# coyote



## Mallard Masher (Jan 15, 2006)

I was wondering what type of coyote trap most of the longlines were using. I was told that the square jaw Bridgers were working real great. Any comments.


----------



## conibear (Dec 30, 2005)

Mallard masher Thats what i use all modifacations on #3 Bridgers and #2 bridgers and also use the dogless Monatana # 3 they are all great traps hope this helps :beer:


----------



## Trapper62 (Mar 3, 2003)

Mallard,

Bridger makes a great trap, I prefer the #3 Montgomery dogless (which is no longer in production and in demand when you do find them) The 3# Montana is almost identical to the monty. Another really good coyote trap is a 1.65 Bridger off-set, with a center swivel. I have not had a coyote bust or pull out of this trap yet!

But it does not provide the larger jaw spread


----------



## price403 (Jan 3, 2006)

I've been using Duke #2 and #3 coilsprings for a few years and haven't had any pull outs at all. I just welded a piece of 9 gauge wire on the top of the jaws to increase the surface area and a swivel in the middle of the chain. They're a LOT cheaper than any other traps too. (7 or 8 bucks a piece) That way I could put a lot more out for the money...


----------



## cro (Jan 17, 2006)

i have a few yotes on my deer lease that i wouldn't mine getting rid of instead of shooting on the run. can you guys post a pic of one of these traps. thanks :sniper:


----------



## Trapper62 (Mar 3, 2003)

Cro, here is a link to the Bridger 1.65. It comes center swiveled, off-set jaws and ready right out of the box. All I do is night-latch the pan and dog assembly, rust, dye and use. At $90.00/dz the only thing cheaper to use is a snare. IMO!

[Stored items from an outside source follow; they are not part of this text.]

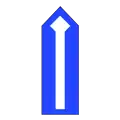 Zusatzpfeil Ein weißer Pfeil auf blauem Grund, senkrecht nach oben oder waagrecht nach links oder rechts zeigend.
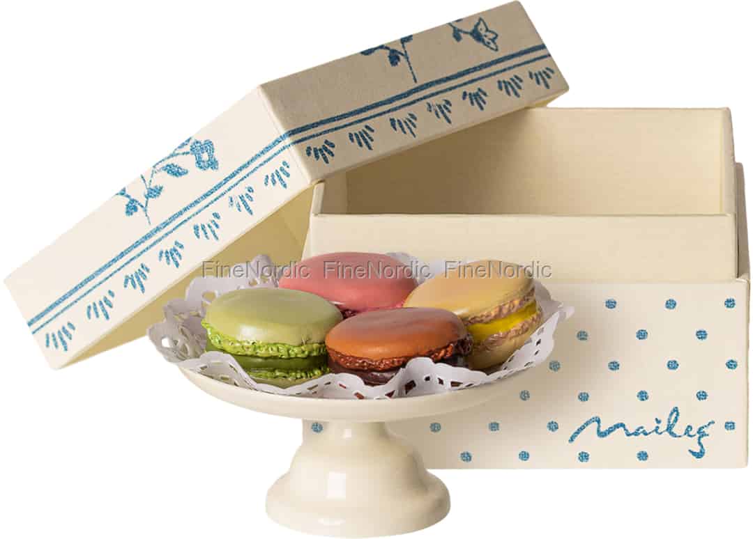 Warum eigentlich immer Tee Party? Feier doch mal zur Abwechslung eine Kakao Party mit Deinen Lieblingskaninchen und serviere ihnen ein paar Makronen, welche ihr dann zusammen mit dem Kakao genießen könnt! Wir sind sicher, die Kaninchen werden begeistert sein! Leg diese lecker aussehenden Makronen einfach auf den schönen, handbemalten Kuchenständer und präsentiere sie so Deinen Gästen. Bald schon kann man aus dem Kinderzimmer lautes Geplapper, Gelächter und Kau- und Schlürfgeräusche hören. Die Macaroons et Chocolat Chaud von Maileg werden in einer dekorierten Schachtel geliefert. Es ist ein hübsches Kaninchen-Zubehör, um das Spielen noch interessanter zu gestalten. Schau Dir gerne mal all das viele Kaninchen-Zubehör an, welches wir in unserem Webshop anbieten.
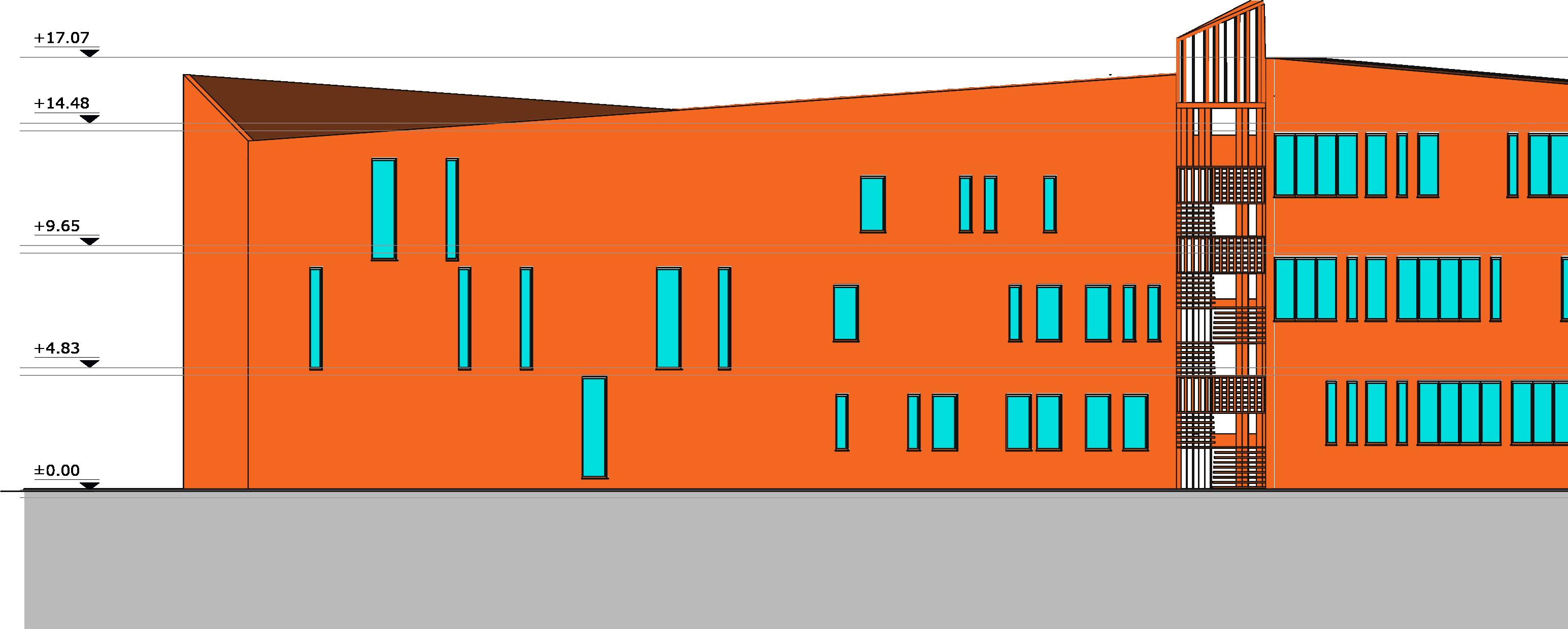 One The Volumes is Enlarged To Better Occupy The Specific Shape of The Plot And Create Room For a Second Gym

The link to the company I purchase from is 
http://www.nwtrappers.com/catalog/traps ... d/btcs.asp

The Bridger #5 is a killer beaver trap, but don't get pinched in it!

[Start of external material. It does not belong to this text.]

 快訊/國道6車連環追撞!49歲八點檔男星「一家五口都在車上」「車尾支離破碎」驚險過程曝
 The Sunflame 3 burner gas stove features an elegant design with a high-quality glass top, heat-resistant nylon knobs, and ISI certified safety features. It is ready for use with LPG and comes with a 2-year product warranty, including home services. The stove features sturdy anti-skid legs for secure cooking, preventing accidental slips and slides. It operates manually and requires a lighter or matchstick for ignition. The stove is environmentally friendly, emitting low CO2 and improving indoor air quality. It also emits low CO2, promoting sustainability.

The new Montana trap was designed an manufactored by Gerald Schmitt from New Ulm, Minnesota and John Grahm from Jordan, Montana, both excellent trappers.

Here is Geralds web site to his supply business:
http://www.schmittent.com/

The #3 Dogless Montana is a little bit more spendy but worth the money if you do any serious coyote trapping.










I hope these pictures work?


----------



## cro (Jan 17, 2006)

THANKS FOR THE PICS 
i don't think that i'll be able to use something like that on my lease with the deer and hogs because i'll have all kinds of broken legs and stuff.

thanks alot for the info :beer:


----------



## price403 (Jan 3, 2006)

I doubt you'd have to worry about broken legs. I got my hand caught in a #3 coilspring trap the first time I handled one. It hurt quite a bit and it took me a few minutes to figure out how to get the jaws to open enough to slip my hand out with only one hand to use. It didn't break any bones in my hand, but it did leave a little bit of a knot on the back of my hand. Deer and hogs have some pretty tough bones in their legs, and their hooves are in line with their leg which makes it easy for them to slip right out if they get in one by accident. The trap holds coyotes and other animals by keeping them from pulling out past the pad on their paw. look at a dog's paw and you will see why. If you're looking for traps to use a few times you can't beat the Duke traps. A dozen #2s are $78.95 or #3s are $94.95 from http://www.murrayslures.com I wouldn't reccomend anything smaller due to the smaller area the coyote would have to step in. A #2 is 5 1/2" across and a #3 is6" across. That's a decent sized area for a coyote to step in at a set. With new traps I just boil them in water and baking soda for 30 minutes, rinse, and then wax them. I don't fool with dye until I've used my traps for a year or so. They usually rust enough to make the dye stick by then without having to wait for new ones to rust before using them.


----------



## cro (Jan 17, 2006)

thanks for the info


----------